Surui yang berbaur dengan teknologi memiliki alasan lain yang lebih ekonomis. Menjaga hutan hujan menggunakan teknologi, artinya bisa menjual cadangan oksigen bagi pemerintah atau perusahaan. Suku Surui berharap mereka memperoleh pendapatan hingga $1 juta per tahun dari tindakan mereka menjaga hutan hujan. Almir Surui mengetakan, “ini merupakan potensi ekonomi yang besar yang hutan miliki.”
Selain Surui, suku pedalaman Amazon lain juga merupakan hal yang cukup sama. Suku Ka’apor, suatu suku dengan 2.200 anggota membuat suatu pasukan yang mereka namai “panjaga hutan”. Pasukan tersebut memanfaatkan busur, panah, serta tak ketinggalan perangkat GPS dan kamera perangkap. Sesuai dengan nama pasukannya, sebagaimana diberitakan The Guardian, pasukan tersebut melakukan aksi perlawanan terhadap pembalakan kayu ilegal.
Penebangan kayu ilegal merupakan salah satu masalah utama yang dialami wilayah-wilayah di pedalaman. Data dari Fern mengungkapkan bahwa di tahun 2001, 80 persen kayu yang ditebang merupakan tindakan ilegal. Di Indonesia, persentasenya mencapai angka 73 persen. Memetakan wilayah dan memukul mundur perusahaan-perusahaan kayu ilegal adalah langkah yang benar-benar mendesak untuk dilakukan demi menyematkan alam yang mereka tinggali.

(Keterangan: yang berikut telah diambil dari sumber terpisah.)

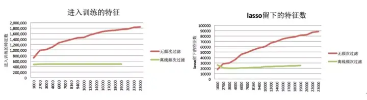 由于FTRL在设计和推导时并未明确考虑极低频特征,虽然通过增大λ,确实能去除大量极低频特征,但由于约束太强,导致部分有效特征也被lasso,在离线实验中被证明严重影响性能。其次,对这些巨量极低频特征,保存历史信息的工程代价是很高昂的(增加几倍的参数空间和存储需求),如下图:
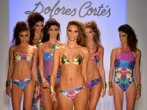 A grife Dolores Cortés apostou em estampas bem florais, e dourados que apareceram tanto nos acessórios e nos biquínis e maiôs.
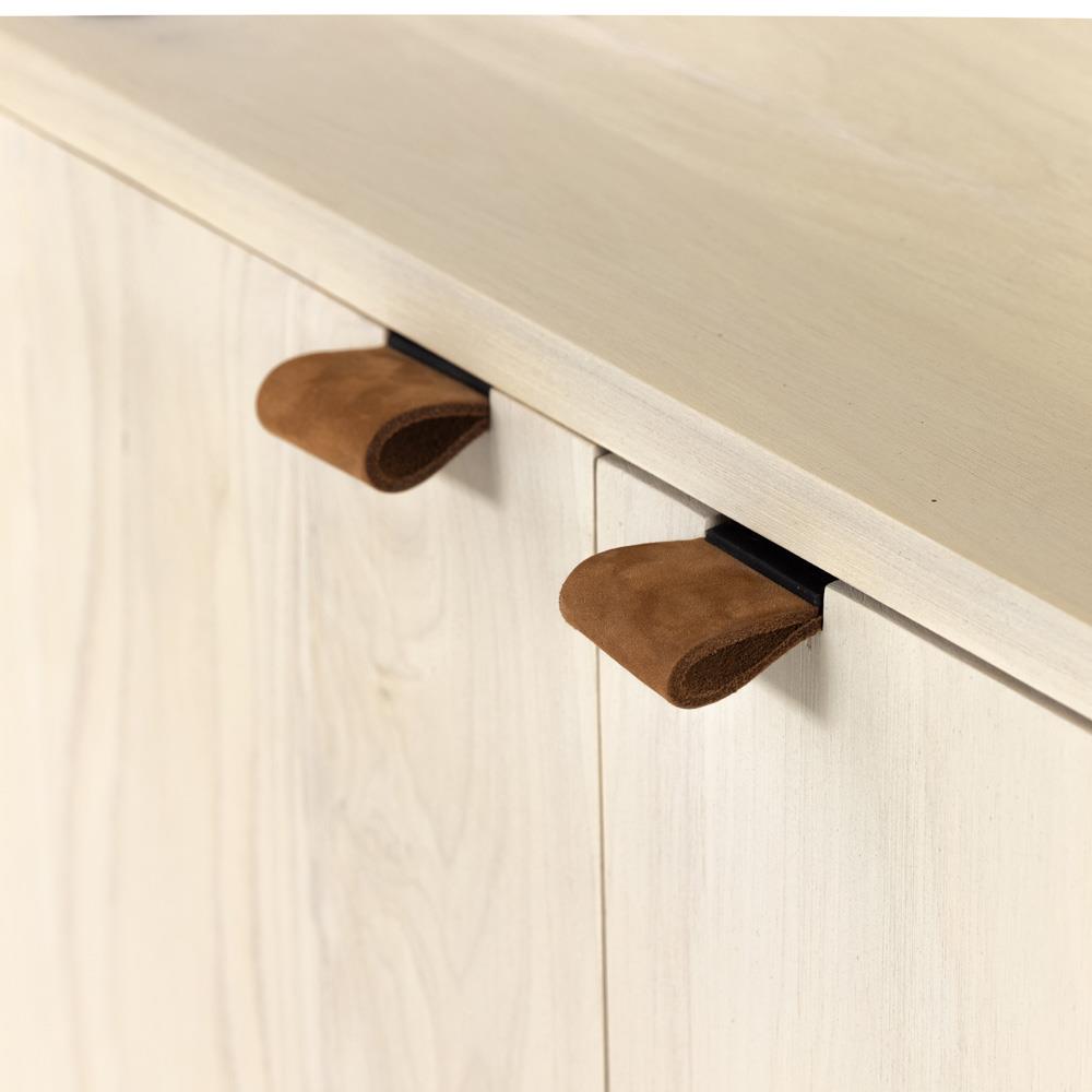 • Features raw iron frame; Features a metal secured leather pulls
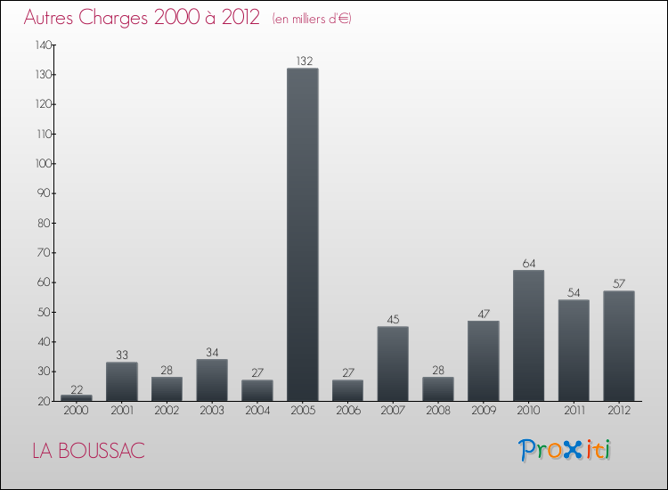 En 2012, les charges de fonctionnement de la commune de La Boussac étaient de : 567 000 € décomposées comme suit :
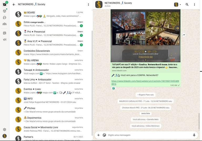 Convidados PRÓ acessam a lista atual. PLUS e PRIME acessam todos os encontros: +1K contatos com nome, cargo, empresa, e-mail, WhatsApp e o tipo de conexão buscada. Dados em prol de networking, proibido spam!
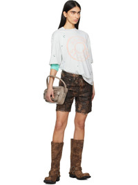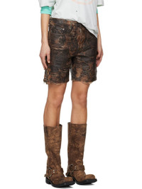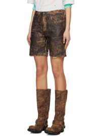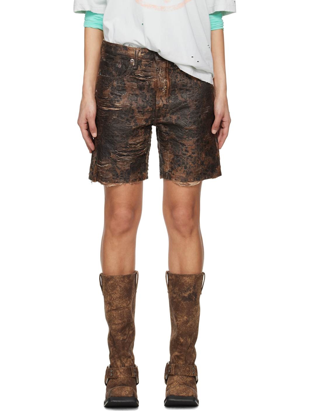 Loose-fit coated non-stretch denim shorts. Fil coupe detailing, distressing, and jacquard graphic pattern throughout. · Low-rise · Belt loops · Five-pocket styling · Button fly · Frayed edge at hem · Logo patch at back waistband · Dropped inseam Supplier color: Brown 100% cotton. Made in Italy 251129F088015
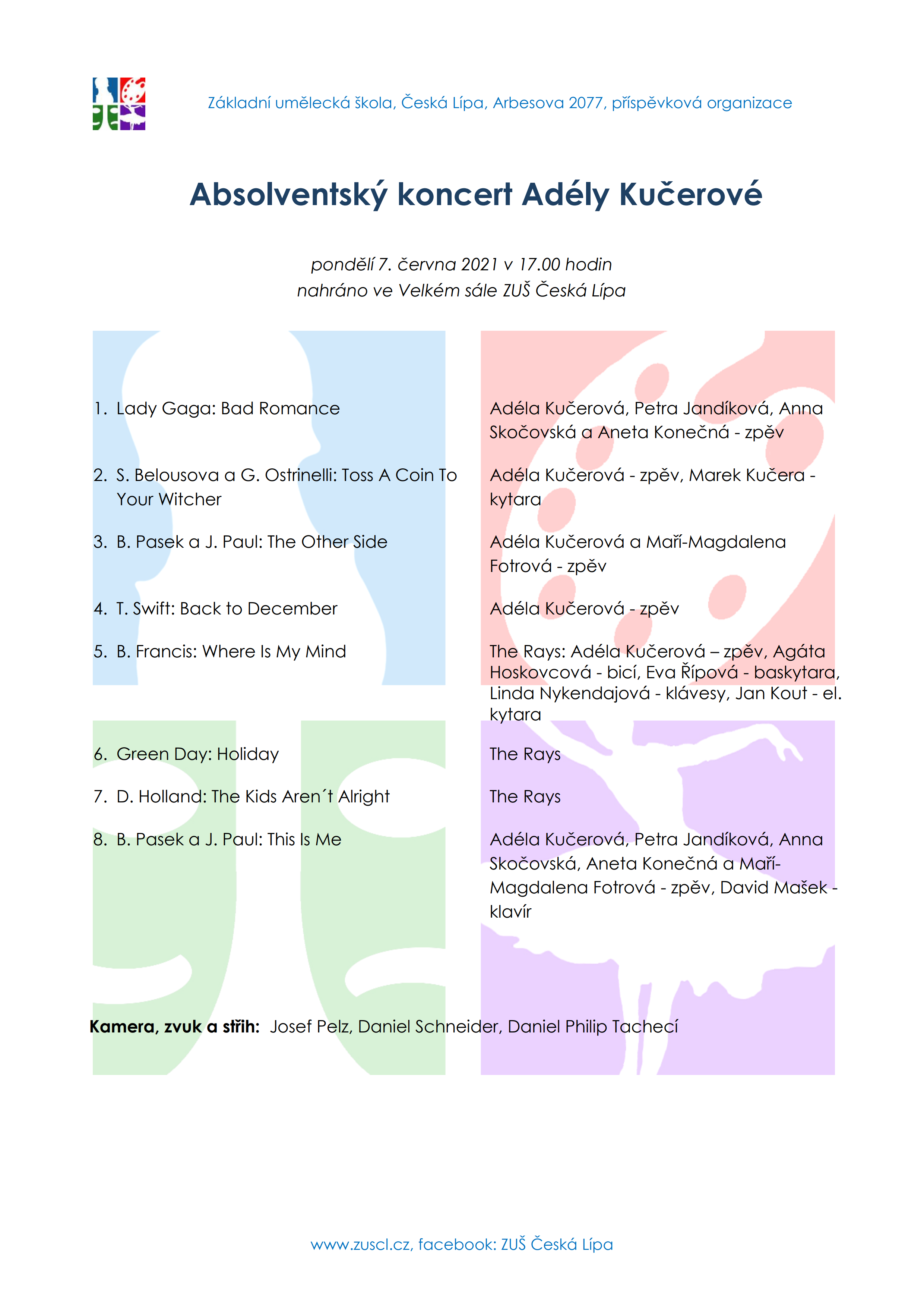 Adéla Kučerová, studentka zpěvu ze třídy Petry Jandíkové, si připravila absolventský koncert, na kterém vám zazpívá sólově, spolu se svými spolužačkami a se svou rockovou kapelou The Rays v pondělí 7. června v 17 hodin. Online koncert můžete shlédnout na YouTube, FB či webu školy.
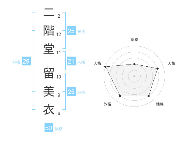 二階堂 留美衣さんの地格は25画の4点!
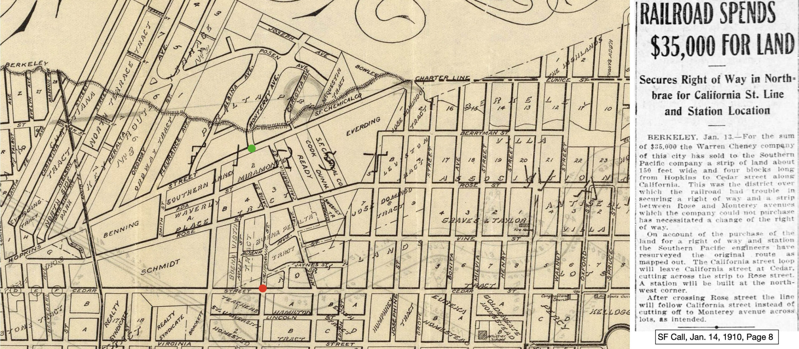 As the article on the right explains, the SP was unable to secure a right-of-way, ROW, between Cedar St. and Hopkins St., indicated by the colored circles on the map from ca. 1910, but were able to obtain a parallel route from Warren Cheney. Appreciation to Daniela Thompson for finding this article, which, it turns out, was part of the basis of a historical account of Cheney and his wife May that she authored. A very interesting story to read about two influential Berkeley residents who lived on the UC Berkeley campus and the final destinations of houses they owned. Click here for the article.
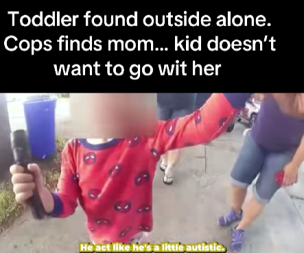 After about 20 minutes of searching nearby homes, officers located a woman who claimed to be the boy’s mother. However, when they brought her to the scene, the situation took an unexpected turn — the toddler refused to go with her. In the footage, he clings to the officer’s hand and begins to cry as his mother approaches, saying, “No! No!”
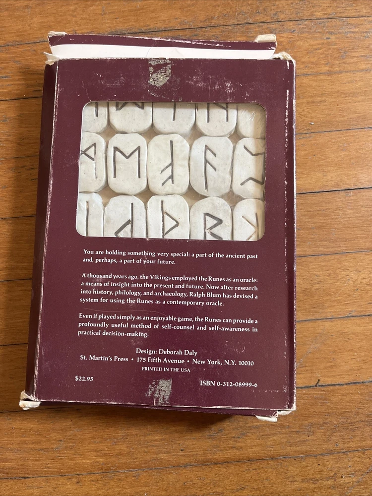 Item Length:7.5 in.Country/Region of Manufacture:United StatesNumber of Pages:127ISBN:9780312089993Personalize:NoItem Width:5.25 in.Publication Year:1984Language:EnglishPersonalized:NoGenre:FantasyFormat:HardcoverEra:1980sIntended Audience:AdultsInscribed:NoAuthor:Ralph H. BlumEdition:SecondPublisher:St. Martin's Pressgtin13:9780312089993Original Language:EnglishFeatures:IllustratedItem Weight:19 oz.Topic:BooksSigned:NoEx Libris:NoBook Title:Book of Runes : a Handbook for the Use of an Ancient Oracle: the Viking RunesVintage:Yes

Di sebuah desa terpencil di luar kota Jhansi di India, sebagaimana diwartakan Techcruch, teknologi juga menjadi semacam penyelamat bagi mereka, terutama bagi kaum perempuan. Suatu kelompok aktivis yang tergabung dalam Accredited Social Health Activists atau ASHAs memanfaatkan aplikasi bernama mSaki. Aplikasi mSaki digunakan untuk mengedukasi perempuan tentang kehamilan dan perawatan bayi.
Aplikasi mSaki dibuat oleh Qualcomm dan dikembangkan oleh IntraHealth International. Aplikasi tersebut telah menjangkau lebih dari 16.000 perempuan di India. Aplikasi tersebut, dirancang untuk bisa digunakan dalam jaringan yang berkoneksi internet rendah.
Aplikasi mSaki merupakan satu dari 2,6 juta aplikasi yang ada di Google Play Store menurut Statistadi bulan Desember 2016.
Hampir mirip dengan apa yang terjadi oleh suku-suku di atas, para peneliti juga memanfaatkan teknologi untuk “mengawasi” suku-suku pedalaman. Live Science menulis, umumnya peneliti memanfaatkan teknologi satelit yang jauh lebih murah bila dibandingkan dengan menggunakan pesawat atau helikopter. Melakukan penelitian langsung juga kurang disukai lantaran para peneliti karena akan menyebarkan penyakit pada orang-orang yang tak terjamah dunia luar tersebut.
“Saya selalu menginginkan mempelajari dalam cara yang aman dan penginderaan jauh menawarkan hal demikian,” ujar Robert Walker, Antropolog Universitas Missouri. Ia pun menambahkan, “kami bisa menemukan desa yang terisolasi dengan penginderaan jauh dan melakukan pembelajaran setiap saat. Kami bisa bertanya, apakah mereka berkembang? Apakah mereka bermigrasi?”
Teknologi, yang identik dengan hingar-bingar kota metropolitan, ternyata memberikan dampak yang cukup besar bagi orang-orang di pedalaman.